Unfortunately the apostrophe in the Wikipedia article seems to break
the Google Answers URL "wrapper".  This should work instead:

[[Stirling's approximation -- Wikipedia]
http://en.wikipedia.org/wiki/Stirling%27s_approximation

regards, mathtalk-ga

if that's all you wanted, you should have spoken up sooner. in it's
simplist form the concept of factorial isn't particularly daunting.
although you will realize why nobody took you up on your offer to show
all the work for 1,000,000!. neither will i.
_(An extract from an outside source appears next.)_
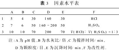 在單因素條件實驗[9]的基礎上可知,影響粉煤灰處理造紙效果的因素有改性劑的選擇、水灰比、PH值、攪拌時間、粉煤灰的顆粒度和沉降時間等。根據單因素條件實驗的結果,選定三水平六因素,如表3所示。

the factorial notation is a method of summarizing the number of
permutations possible given a specific set of objects. for example if
we have three items and let's call them 1,2, and 3 for right now, they
can arranged in the following permutations:
(1,2,3)(1,3,2)(2,1,3)(2,3,1)(3,1,2) and (3,2,1). six permutations.
there is no other possible arrangement of our items. so if we have
defined 3! as the number of possible permutations one way to establish
the total is to do what we just did, write them all down and count
them. clearly that method works much better if our inquiry is about 2!
or 3! than it does is the question involves say 194! or worse yet
1,000,000!. you could be writing and counting for a while.

the shortcut sophisticated mathematical solution involves nothing more
than multiplication. just a bunch of it. the factorial of number n,
where n is a positive interger is defined as n(n-1)...2,1 or in plain
english, if you are calculating the value of 3! start with the 3 and
multiply it by every interger counting down to 1. so 3! equals 3x2x1
which equals 6. but then we knew that already cause we wrote them all
down before. 4! to be repetitive would then equal 4x3x2x1 equals 24.
there are 24 permutations of four items. at this point if you aren't a
believer yet, go ahead and write them all down and count them up. when
you are convinced that n!= n(n-1)...2,1 you now see why nobody nor you
is going to do that and show all the work. 1,000,000 x 999,999 x
999,998 x i don't think so. when the n in n! gets large the number of
trailing zeros in the result grows right along with it. there is a
method of calculating the number of zeros in bignumber! but that
value, let's call it z, is beyond the scope of your question. i'm sure
your stats prof will get to it eventually anyway.

hope that helped you a bit.

There, I told you it had 5.5 million digits.